Иногда мне кажется, что я животное. Один раз я громко зарычал в музее. Пыльная старая женщина в нарядном фартучке сделала мне большие глаза и попросила не шуметь. Я сразу ушёл в парк, лёг на землю и рычал несколько часов с небольшими интервалами. После рычания у меня всегда садятся связки.

Я никогда не знал и не знаю сейчас — зачем я хожу в музеи, в парк. Зачем я катаюсь в метро. Зачем каждый день захожу в кафе, заказываю две чашки кофе и ухожу. Я не мучаюсь, пытаясь понять, зачем всё это я делаю.
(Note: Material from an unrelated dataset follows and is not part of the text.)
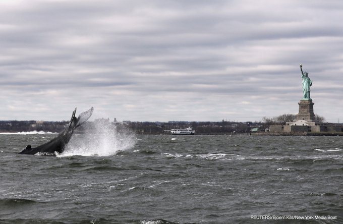External Link Epic: A humpback whale surfaces near the Statue of Liberty in this photo taken from a boat on New York Harbor…

Я просто знаю, что не знаю зачем.

Несколько лет назад у меня был друг. Он попал в психиатрическую больницу и умер там через два месяца. Его звали Макс. Он был моим единственным другом. Макс сочинял музыку. И мучался, спрашивая себя, зачем он это делает. Макс всю свою жизнь пытался что-то понять. Он испытывал страх и удивление от всего происходящего. Каждый день. Каждую минуту. Макс умер. Я — нет.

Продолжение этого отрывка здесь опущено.